4. The mitochondrial single-stranded DNA binding protein

Mitochondrial single-stranded DNA binding protein was discovered in an analysis of protein-mtDNA complexes derived from rat liver mitochondria that had been lysed with SDS, which revealed nucleoprotein fibrils within the single-stranded portions of both stable and expanding D-loops in replicative intermediates of rat liver mtDNA [82]. The asynchronous model of mtDNA replication predicts the existence of large regions of single-stranded DNA, and the abundant presence of mtSSB in these nucleoprotein fibrils strongly suggests that the mtSSB protein is an essential component of the mtDNA replication machinery. Mitochondrial SSBs have been isolated and cloned from yeast and various animal sources and are between 13 and 16 kDa [8390]. The native form of the mammalian mtSSB is a tetramer, with a molecular weight of 56 kDa [90, 91]. The gene for the human mtSSB has been cloned [88], and the crystal structure has been determined [92]. The DNA is proposed to wrap around the tetrameric mtSSB through electropositive patches guided by flexible loops [92]. The mtSSB tetramer has high affinity for DNA, and its DNA binding site encompasses 8 to 17 nucleotides [84, 85, 93].

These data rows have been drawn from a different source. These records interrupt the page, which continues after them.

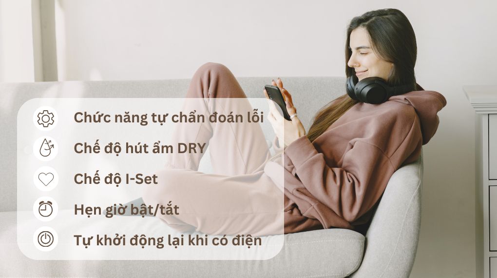 – Chế độ hút ẩm (DRY): giúp giảm cảm giác oi bức, phù hợp sử dụng trong mùa mưa ẩm ướt, mùa hè và mùa đông đặc biệt là mùa nồm.
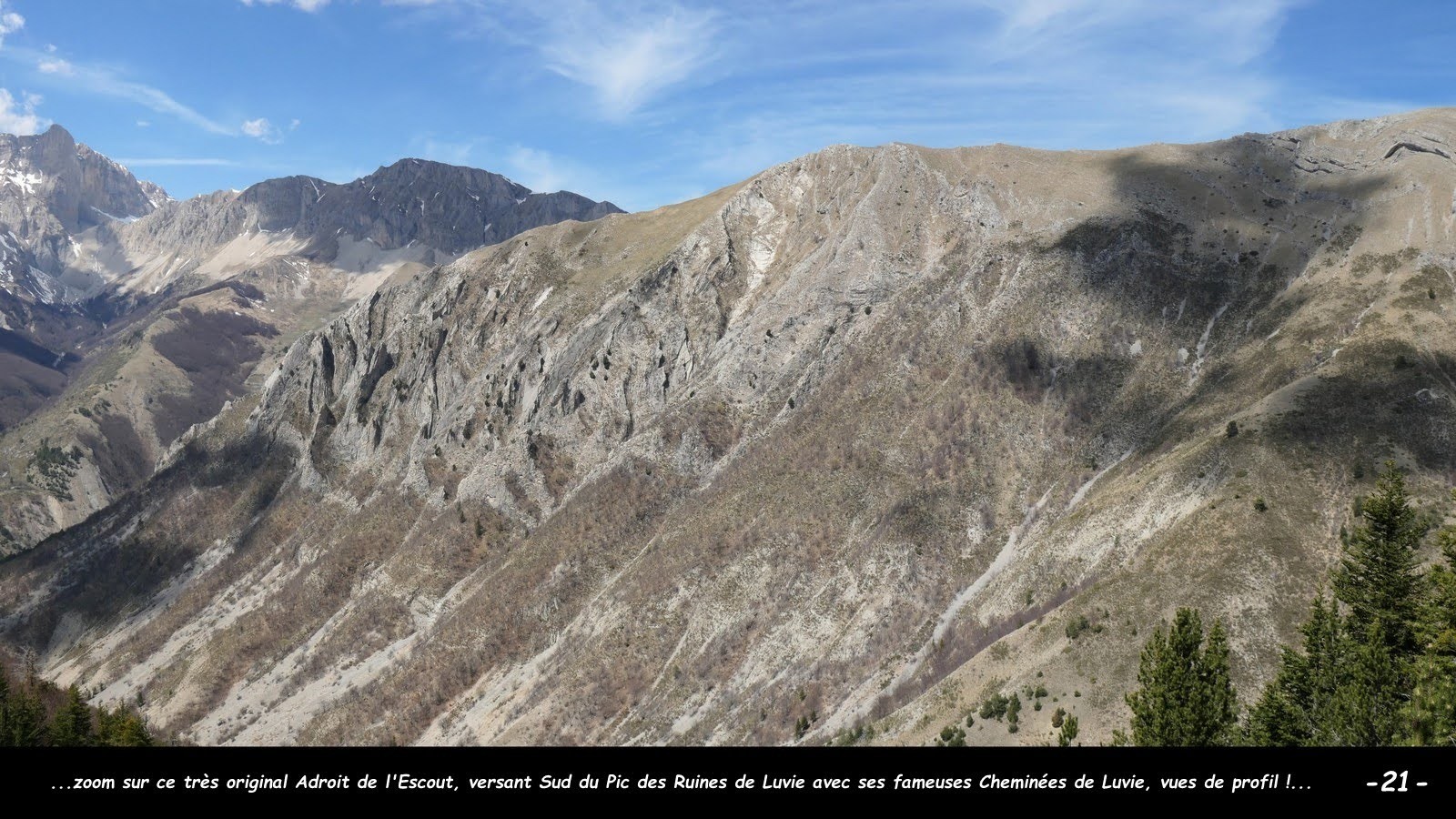 3D (sur laquelle, vu sous cet angle, le Pic Melette révèle la quasi parfaite géométrie de sa silhouette au centre de l'impressionnant cirque de Chaudun), avait repéré les étranges singularités géologiques des Ruines, le Pic des Ruines et les Cheminées de Luvie à l'Adroit de l'Escout où il nous a accompagnées pour une première approche en
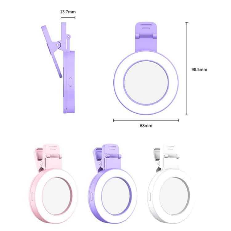 Foldable Clip-type Mobile Phone Rear Selfie Mirror Fill Light, White, Purple, Pink, White with Remote Control, Purple with Remote Control, Pink with Remote Control

Although no direct interaction of mtSSB with the transcription machinery has been demonstrated, numerous interactions with the replication proteins and other factors have been documented. In vitro experiments with mtSSB added to purified pol γ demonstrated significant stimulation of the polymerase activity on various primer-template substrates [94, 95]. In Drosophila, mtSSB increases mitochondrial DNA synthesis almost 40-fold, and fruit flies with a mutated mtSSB gene display significant mtDNA depletion and dysfunction of the respiratory chain [96, 97]. In humans, an 8-fold stimulation of human pol γ was noted with human mtSSB [95]. This functional interaction with the human enzyme is modest but is negatively modulated by the terminal regions of the mtSSB, as C- and N- terminal deletion variants of human mtSSB stimulate more DNA synthesis than full length human mtSSB [98]. In a minimal in vitro replication system, human mtSSB stimulates DNA synthesis by pol γ and Twinkle to form products of 16 kb in length compared to 2 kb generated by pol γ and Twinkle alone [72]. Stimulation of human pol γ by human mtSSB is specific as no stimulation of bacterial and nuclear DNA polymerase is observed by mtSSB [95]. In addition to pol γ, mtSSB also specifically stimulates the mitochondrial DNA helicase Twinkle. Whereas E. coli SSB could not enhance the activity of the enzyme, mtSSB could promote unwinding of DNA by Twinkle [71, 98]. Recent work with human mtSSB variants demonstrated strikingly different effects on pol γ and Twinkle [99]. Human mtSSB variants that displayed defects in stimulating pol γ had unaltered effect on Twinkle. Conversely, mtSSB variant that showed reduced stimulation of helicase activity stimulated pol γ like wild type mtSSB. These experiments demonstrate distinct structural elements in the mtSSB for the functional interaction with pol γ and helicase [99].

5. Topoisomerases

DNA topoisomerases (topos) are ubiquitous enzymes that alter the topology of DNA by reversibly breaking the phosphodiester DNA backbone and allowing a second DNA strand to pass through this break (for review, [100]). While all topos induce DNA breaks via an active site tyrosine residue, they are classified as either type I (A or B) or type II (A or B) based on their mechanism of action. Type I topos break one strand of DNA at a time, while type II topos induce a concerted double-stranded break in the DNA. Topoisomerase-induced reversible strand breaks enable DNA transactions to occur as if there were no constraints. As a result, topos play essential roles in DNA transactions such as relieving supercoiling stress during replication and transcription. To date, six topoisomerases have been identified in humans. Two of the six are type II enzymes: topoisomerases IIα and IIβ. The remainder are type I enzymes: topoisomerases IIIα and IIIβ, topoisomerase I (top1), and mitochondrial topoisomerase I (top1mt). Of these six, two have been convincingly demonstrated to function in the mitochondria, and they are described below. While it is likely that other topos play a role in mitochondrial DNA transactions, minimal data is available to conclusively describe and define their identity and role(s).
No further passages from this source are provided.